My research interests and current projects include various aspects of telemedicine and health informatics, including:

  • Self-help systems for people with diabetes: The focus has been on different tools for both diabetes type 1 and 2. In 2009, we published a diabetes diary, “Diabetesdagboka”, that had been developed in close collaboration with people with diabetes type 2. The diary has been available on both iOS and Android. We also developed a smartwatch version. A common denominator for this research has been close contact with patients. The diary has been used in several clinical trials. Most of the work has been done at the University Hospital of North Norway.
  • Motivational mechanisms in e-health: Together with a professor from IIT, Chicago, I started a project where the goal is to study which techniques and mechanisms that motivate patients with NCDs to comply to their treatment regime.  The project is currently run by three of my former PhD students, now colleagues.
  • Electronic disease surveillance: In this project we try to detect the spread of contagious diseases before people know that that they are infected. With the use of continuously monitored health data from people with diabetes type 1, we can identify an infection. This project is done together with colleagues at Columbia University and Johns Hopkins University.
  • Improved physical activity for people with intellectual disability: In the project, we use gamification techniques and different m-health apps to try to increase the level of physical activity among people with intellectual disabilities. The project is organized by the University Hospital of North Norway. Partners are from universities in Norway (NTNU and UiA), Spain (Valencia) and Italy (Pisa).
  • Large-scale infrastructure for monitoring of a large cohort: This project is part “Population studies in the north”, of a large strategic project at the University of Tromsø. The project is connected to the Tromsø Study, which is an ongoing population study in Tromsø that started in 1974. In our part of the project, we try to develop a digital twin-based infrastructure where the goal is both to be able to detect changes in a person health based on all kinds of data, e.g., digital dust, and record data for late study in the Tromsø Study.
  • One of our latest projects is the EU-funded WARIFA project that aims to define a personalized early risk prediction model that will be used to support individual preventive measures as well as early intervention. It is believed that early risk prediction using artificial intelligence can empower citizens to adopt healthier habits and a better lifestyle. The proposed technology can help empower both citizens and patients. The digital tool will mainly focus on three scenarios: the fight against skin cancer, the late complications of diabetes mellitus and the main lifestyle risk factors involved in noncommunicable diseases.

Being a Norwegian

Preconceived notions about Norwegians are that you love hiking and other outdoor activities. Is this accurate when it comes to you?

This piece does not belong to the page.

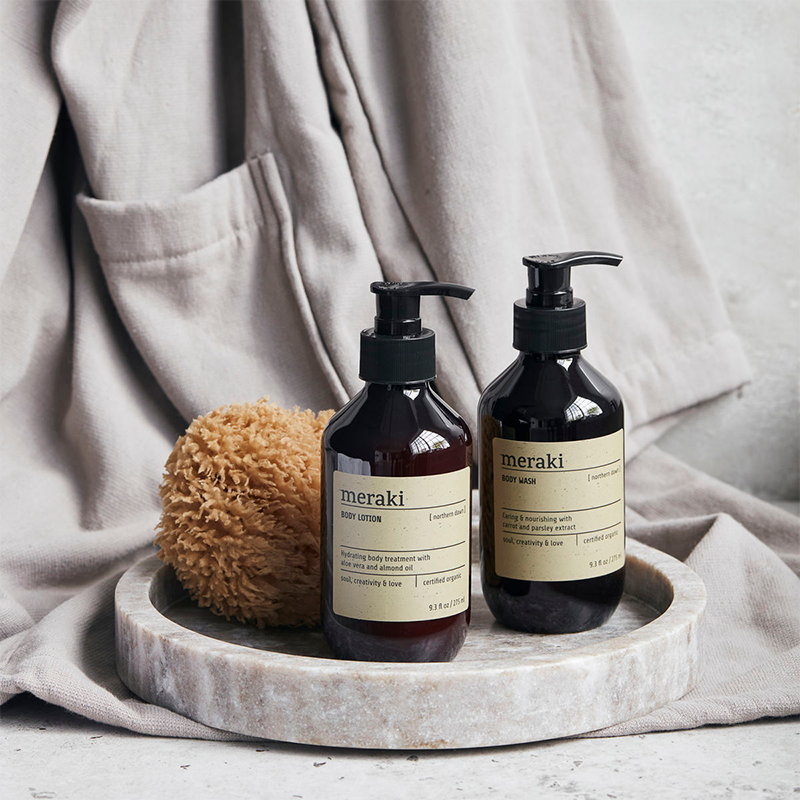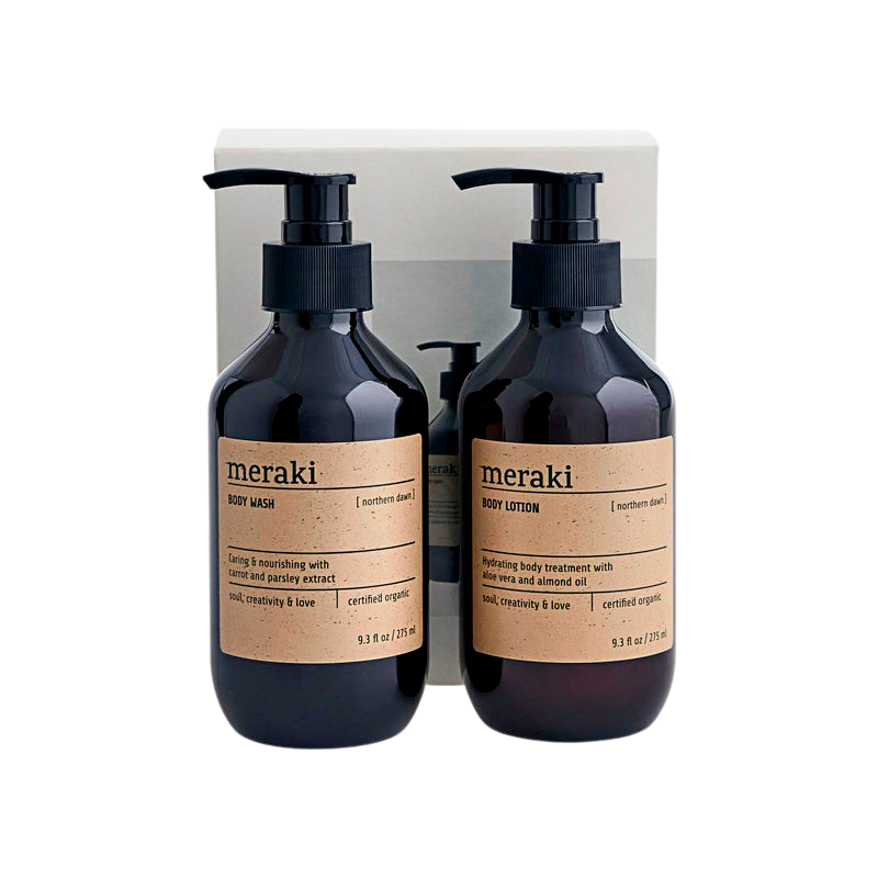 Overrask en ven eller familiemedlem med Merakis gaveæske, der indeholder en skøn bodywash og en fortryllende bodylotion med den populære duft, Northern Dawn. Begge er økologiske og tilbyder næring og fugt til huden. Duften af appelsiner, cedertræ og sød balsamico skaber en behagelig atmosfære af velvære. En gave, der glæder sanserne og forkæler både krop og sjæl.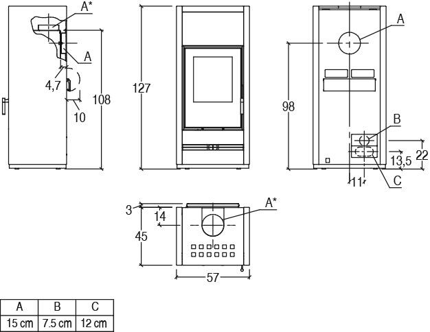 Высота, см 127 Ширина, см 57 Глубина, см 45 Мощность, кВт 5,5 - 11 Форма стекла Прямое Материал Сталь+Чугун+Керамика Диаметр дымохода, мм 150 Вес, кг 208 Духовка Нет -

- If you live in Tromsø, surrounded by nature and mountains of all shapes, you must take advantages of the surroundings. This means hiking in the mountains and of course skiing. In the summertime, I also like to drive around in our VW Beetle Cabriolet, preferably in a warmer location than Tromsø.

Is it true that all people from Norway are wearing lusekofte and selbuvotter? 

- I was the owner of a “lusekofte” when I was a student many years ago. After that, I changed to “islender”, which is a more convenient jersey. I bought my current one in Reykjavik, although the name has nothing to do with the country Island. I wanted to spend three months of my last sabbatical in Reykjavik, but it turned out to be impossible to find an affordable apartment in Reykjavik due to the extreme number of wealthy Asian tourists.  

- I’m also the owner of a pair of “selbuvotter”, which I occasionally use in the wintertime. But I don’t think many Norwegians today have “selbuvotter”. In Tromsø, you can only buy “lusekofte” and “selbuvotter” in the tourist gift shops that no locals visit. I’m not sure that my sons know these terms.

Gunnar at LIME

If you want to meet Gunnar Hartvigsen in person

You can find Gunnar in one of the offices belonging to HIC, presumedly in the office of Sabine Koch (room 4303) or in one of the other offices in the HIC wing where there is an unused workplace.